Friday, March 7, 2014

Black people duped

03/07/2014


People in the media and academia are mostly leftists hellbent on growing government and controlling our lives. Black people, their politicians and civil rights organizations have become unwitting accomplices.

Ordinary black people have been sold on the importance of electing blacks to high public office. After centuries of black people having been barred from high elected office, no decent American can have anything against their wider participation in our political system.

For several decades, blacks have held significant political power. They have been mayors and dominant forces on city councils in major cities such as Philadelphia, Detroit, Washington, Memphis, Atlanta, Baltimore and New Orleans. Blacks have held administrative offices such as school superintendent and chief of police. Plus, there are 44 black members of Congress and a black president.

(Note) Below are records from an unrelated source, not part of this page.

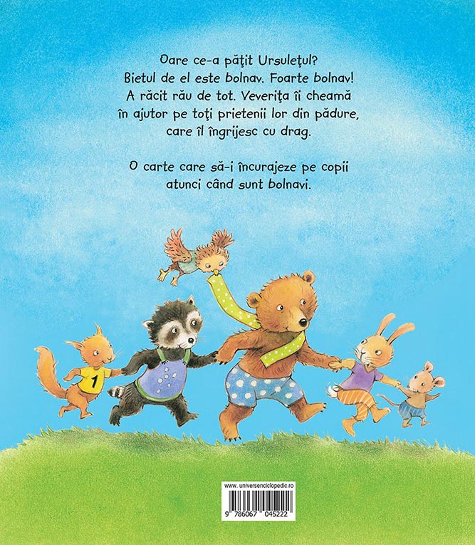 Oare ce-a păţit Ursuleţul? Bietul de el este bolnav. Foarte bolnav! A răcit rău de tot. Veveriţa îi cheamă în ajutor pe toţi prietenii lor din pădure, care îl îngrijesc cu drag.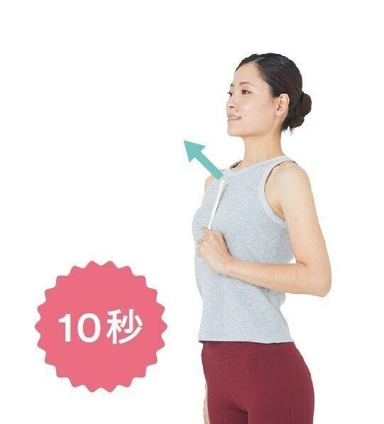 肩で大きな円を描くイメージで両肩をゆっくり10秒かけて後ろに回す。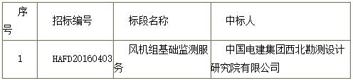 中电投徐闻和安风电场风机基础监测服务招标通过招标评审,结果如下: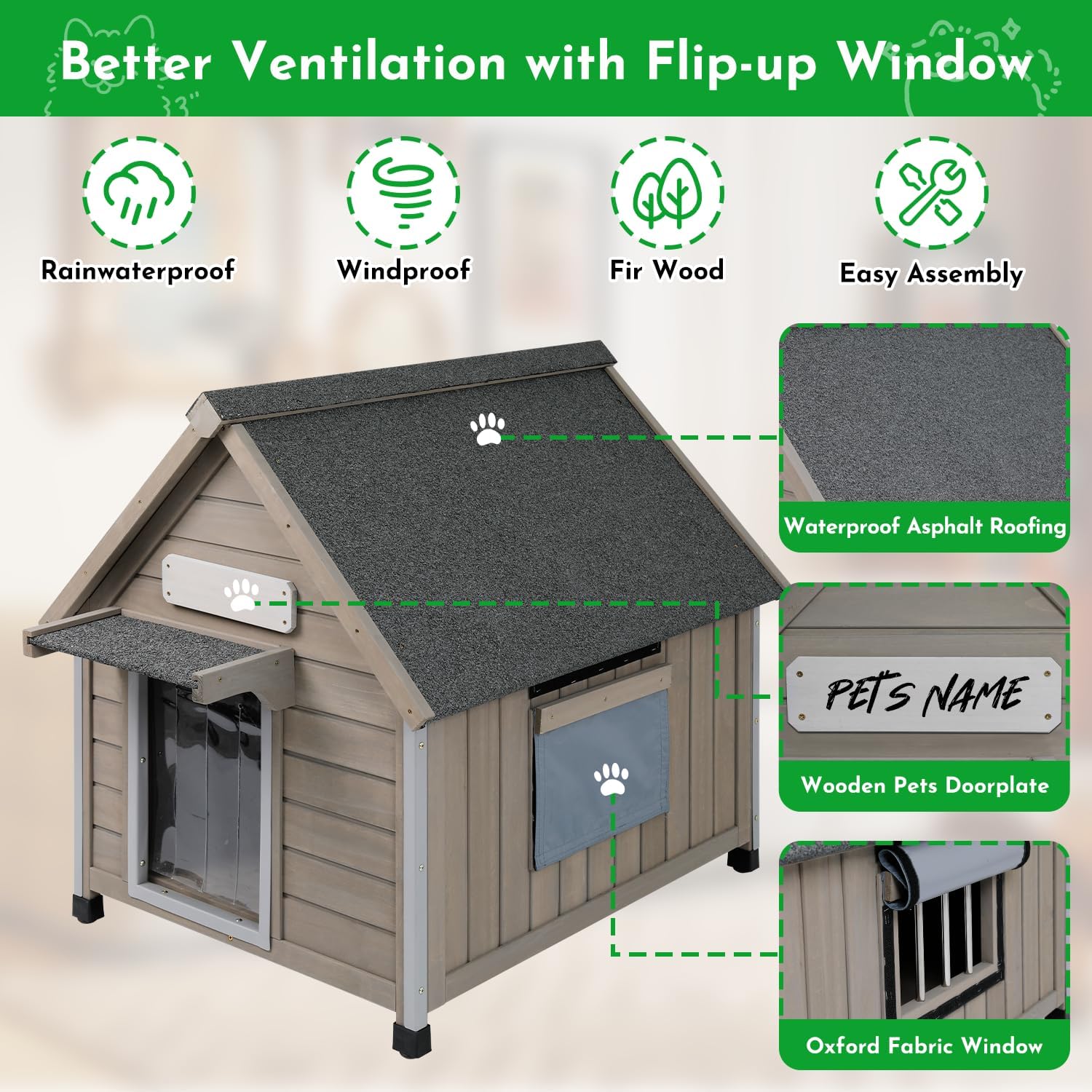- 【All-Season Comfort】 Our upgraded flip-up window is made from breathable oxford cloth with an easy-to-use hook-and-loop closure. Roll it up for ventilation during hot summer days or close it to keep out cold wind and rain. This weatherproof and insulated outdoor dog house offers reliable year-round protection, ensuring your pup stays cozy and safe in all seasons.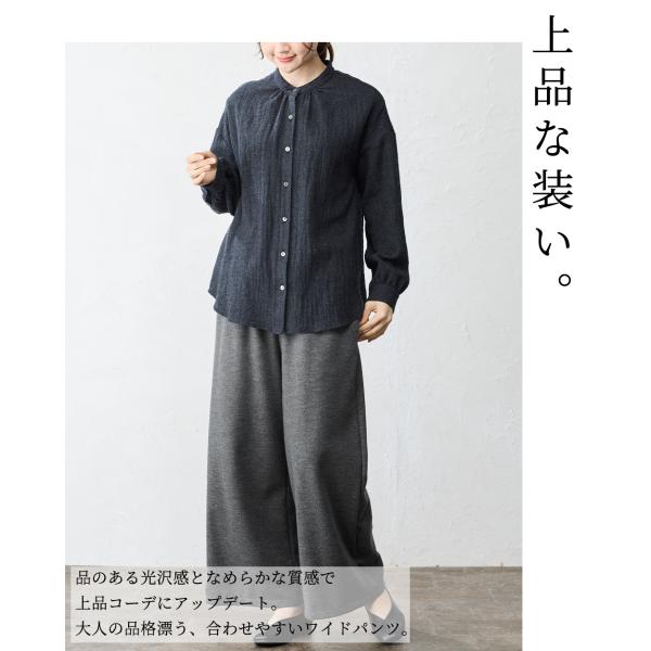 メリノウール 日本製 尾州織り あったかパンツ ワイドパンツ 秋 冬 レディース ワイドパンツルック ウール パンツ 裏起毛 ご試着対象

What has this political power meant for the socioeconomic problems faced by a large segment of the black community? Clearly, it has done little or nothing for academic achievement; the number of black students scoring proficient is far below the national average. It is a disgrace that the average white seventh- or eighth-grader can run circles around the average black 12th-grader in most academic subjects. The political and education establishment tells us that the solution lies in larger budgets, but some of the worst public school districts have the highest spending per student.

Each year, roughly 7,000 blacks are murdered. Ninety-four percent of the time, the murderer is another black person. Young black males have a greater chance of reaching maturity on the battlefield than on the streets of some cities. Black political power and massive city budgets have done absolutely nothing to ameliorate this problem of black insecurity.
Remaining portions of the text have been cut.